Of all the lines below, output only those starting at the one with "Auf Wunsch versende" and ending at the one with "Of course, I", both ends included, exactly as written.

Input records:
★ ★ ★ ★ ★ ★ ★

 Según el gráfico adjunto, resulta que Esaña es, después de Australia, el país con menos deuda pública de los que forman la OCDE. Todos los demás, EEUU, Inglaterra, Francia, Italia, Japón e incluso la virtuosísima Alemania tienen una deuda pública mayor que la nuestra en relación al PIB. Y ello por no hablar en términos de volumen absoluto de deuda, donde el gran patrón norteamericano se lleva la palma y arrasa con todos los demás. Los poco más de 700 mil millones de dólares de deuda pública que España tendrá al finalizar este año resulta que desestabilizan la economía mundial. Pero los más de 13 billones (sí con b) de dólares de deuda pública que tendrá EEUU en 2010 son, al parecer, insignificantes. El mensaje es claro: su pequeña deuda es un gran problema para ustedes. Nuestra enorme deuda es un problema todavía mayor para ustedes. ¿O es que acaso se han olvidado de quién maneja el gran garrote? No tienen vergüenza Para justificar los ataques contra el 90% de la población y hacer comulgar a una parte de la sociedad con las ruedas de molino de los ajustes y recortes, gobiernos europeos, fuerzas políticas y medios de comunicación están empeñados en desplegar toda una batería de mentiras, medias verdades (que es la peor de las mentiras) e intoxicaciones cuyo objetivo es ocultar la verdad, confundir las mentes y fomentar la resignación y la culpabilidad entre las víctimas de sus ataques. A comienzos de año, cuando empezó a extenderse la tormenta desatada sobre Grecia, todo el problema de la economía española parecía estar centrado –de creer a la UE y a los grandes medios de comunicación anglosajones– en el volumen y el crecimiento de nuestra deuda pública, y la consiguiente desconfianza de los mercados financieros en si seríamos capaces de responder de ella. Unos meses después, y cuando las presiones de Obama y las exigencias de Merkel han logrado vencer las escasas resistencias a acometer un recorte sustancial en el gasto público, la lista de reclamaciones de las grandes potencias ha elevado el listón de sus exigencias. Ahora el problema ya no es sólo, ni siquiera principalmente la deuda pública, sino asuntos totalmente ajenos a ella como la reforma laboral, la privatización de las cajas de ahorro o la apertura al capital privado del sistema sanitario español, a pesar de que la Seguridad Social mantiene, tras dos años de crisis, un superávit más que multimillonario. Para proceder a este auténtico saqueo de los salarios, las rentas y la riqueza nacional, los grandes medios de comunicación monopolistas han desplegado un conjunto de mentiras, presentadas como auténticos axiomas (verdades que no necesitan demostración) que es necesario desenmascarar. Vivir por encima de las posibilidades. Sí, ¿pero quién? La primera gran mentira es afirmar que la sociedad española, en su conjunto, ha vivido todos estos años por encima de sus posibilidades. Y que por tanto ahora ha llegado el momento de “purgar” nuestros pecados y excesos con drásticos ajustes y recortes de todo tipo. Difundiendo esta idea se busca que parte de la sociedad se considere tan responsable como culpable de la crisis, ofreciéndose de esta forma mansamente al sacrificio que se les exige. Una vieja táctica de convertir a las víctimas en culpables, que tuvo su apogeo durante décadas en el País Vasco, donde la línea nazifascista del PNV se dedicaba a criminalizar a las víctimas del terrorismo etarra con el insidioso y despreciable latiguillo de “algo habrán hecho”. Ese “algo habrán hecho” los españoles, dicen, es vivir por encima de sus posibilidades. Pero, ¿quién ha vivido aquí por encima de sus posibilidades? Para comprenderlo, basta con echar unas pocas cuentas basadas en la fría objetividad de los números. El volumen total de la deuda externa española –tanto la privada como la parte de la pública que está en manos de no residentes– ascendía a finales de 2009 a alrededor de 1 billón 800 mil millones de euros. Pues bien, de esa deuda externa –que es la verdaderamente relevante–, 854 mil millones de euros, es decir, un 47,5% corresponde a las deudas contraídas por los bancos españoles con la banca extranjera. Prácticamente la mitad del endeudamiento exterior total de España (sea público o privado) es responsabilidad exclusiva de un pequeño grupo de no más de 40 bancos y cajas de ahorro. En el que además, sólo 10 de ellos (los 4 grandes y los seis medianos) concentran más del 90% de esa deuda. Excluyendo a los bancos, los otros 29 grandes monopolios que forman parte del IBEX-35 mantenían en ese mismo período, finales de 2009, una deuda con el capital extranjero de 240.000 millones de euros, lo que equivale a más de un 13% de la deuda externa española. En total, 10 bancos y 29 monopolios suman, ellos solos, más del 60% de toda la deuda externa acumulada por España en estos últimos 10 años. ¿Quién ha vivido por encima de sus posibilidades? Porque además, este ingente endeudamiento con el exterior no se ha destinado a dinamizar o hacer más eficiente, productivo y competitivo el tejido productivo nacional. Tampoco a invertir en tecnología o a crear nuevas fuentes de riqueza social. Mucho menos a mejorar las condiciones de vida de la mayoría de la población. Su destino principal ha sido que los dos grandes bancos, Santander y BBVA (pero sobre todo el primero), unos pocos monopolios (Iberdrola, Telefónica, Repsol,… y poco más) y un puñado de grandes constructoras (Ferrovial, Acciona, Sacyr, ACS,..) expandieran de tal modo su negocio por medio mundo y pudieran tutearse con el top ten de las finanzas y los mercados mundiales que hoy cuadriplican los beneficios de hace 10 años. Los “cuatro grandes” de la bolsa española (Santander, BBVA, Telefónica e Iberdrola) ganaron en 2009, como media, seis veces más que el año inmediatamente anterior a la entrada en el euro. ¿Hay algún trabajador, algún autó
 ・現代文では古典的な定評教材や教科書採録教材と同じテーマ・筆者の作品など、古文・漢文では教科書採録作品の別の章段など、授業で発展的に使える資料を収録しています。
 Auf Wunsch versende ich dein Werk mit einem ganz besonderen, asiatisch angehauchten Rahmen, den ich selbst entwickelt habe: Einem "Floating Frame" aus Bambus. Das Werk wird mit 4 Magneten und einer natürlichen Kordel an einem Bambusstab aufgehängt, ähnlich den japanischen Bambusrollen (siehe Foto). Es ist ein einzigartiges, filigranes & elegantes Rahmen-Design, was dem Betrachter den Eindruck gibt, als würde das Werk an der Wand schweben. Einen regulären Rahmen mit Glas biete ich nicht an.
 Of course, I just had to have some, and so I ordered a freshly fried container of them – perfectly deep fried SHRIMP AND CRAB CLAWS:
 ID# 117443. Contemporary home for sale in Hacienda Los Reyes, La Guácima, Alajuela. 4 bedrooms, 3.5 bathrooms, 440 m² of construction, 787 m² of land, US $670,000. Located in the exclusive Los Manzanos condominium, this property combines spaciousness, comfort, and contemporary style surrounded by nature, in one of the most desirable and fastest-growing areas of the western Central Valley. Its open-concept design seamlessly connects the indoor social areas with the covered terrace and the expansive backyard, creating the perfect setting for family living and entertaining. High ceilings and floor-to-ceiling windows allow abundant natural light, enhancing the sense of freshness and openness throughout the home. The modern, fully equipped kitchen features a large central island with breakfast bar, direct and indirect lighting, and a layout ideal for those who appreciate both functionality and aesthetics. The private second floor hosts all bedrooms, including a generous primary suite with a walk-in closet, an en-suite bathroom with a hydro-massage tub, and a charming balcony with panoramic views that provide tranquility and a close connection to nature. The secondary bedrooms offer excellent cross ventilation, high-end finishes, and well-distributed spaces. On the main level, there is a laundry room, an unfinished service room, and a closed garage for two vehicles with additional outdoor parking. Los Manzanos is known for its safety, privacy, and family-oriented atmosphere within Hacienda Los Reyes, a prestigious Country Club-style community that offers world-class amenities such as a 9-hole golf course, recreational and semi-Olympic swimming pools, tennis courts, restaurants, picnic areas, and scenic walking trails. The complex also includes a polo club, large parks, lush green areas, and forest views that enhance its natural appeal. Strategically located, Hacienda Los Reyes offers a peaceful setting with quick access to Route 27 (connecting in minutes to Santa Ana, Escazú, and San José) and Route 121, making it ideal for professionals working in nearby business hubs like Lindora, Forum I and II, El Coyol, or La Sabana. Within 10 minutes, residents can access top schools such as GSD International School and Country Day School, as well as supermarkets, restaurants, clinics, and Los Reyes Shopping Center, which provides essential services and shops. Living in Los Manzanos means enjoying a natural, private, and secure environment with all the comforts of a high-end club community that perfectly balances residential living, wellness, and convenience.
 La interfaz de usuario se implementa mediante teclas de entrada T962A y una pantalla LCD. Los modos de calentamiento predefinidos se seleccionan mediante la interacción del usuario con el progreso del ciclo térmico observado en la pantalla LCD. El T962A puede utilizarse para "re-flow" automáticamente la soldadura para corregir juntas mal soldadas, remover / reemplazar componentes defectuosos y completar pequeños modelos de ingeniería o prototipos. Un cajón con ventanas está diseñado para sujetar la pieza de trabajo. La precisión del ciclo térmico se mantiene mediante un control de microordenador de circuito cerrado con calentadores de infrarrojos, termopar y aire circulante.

★ ★ ★ ★ ★ ★ ★

Solved exercise:
 Auf Wunsch versende ich dein Werk mit einem ganz besonderen, asiatisch angehauchten Rahmen, den ich selbst entwickelt habe: Einem "Floating Frame" aus Bambus. Das Werk wird mit 4 Magneten und einer natürlichen Kordel an einem Bambusstab aufgehängt, ähnlich den japanischen Bambusrollen (siehe Foto). Es ist ein einzigartiges, filigranes & elegantes Rahmen-Design, was dem Betrachter den Eindruck gibt, als würde das Werk an der Wand schweben. Einen regulären Rahmen mit Glas biete ich nicht an.
 Of course, I just had to have some, and so I ordered a freshly fried container of them – perfectly deep fried SHRIMP AND CRAB CLAWS:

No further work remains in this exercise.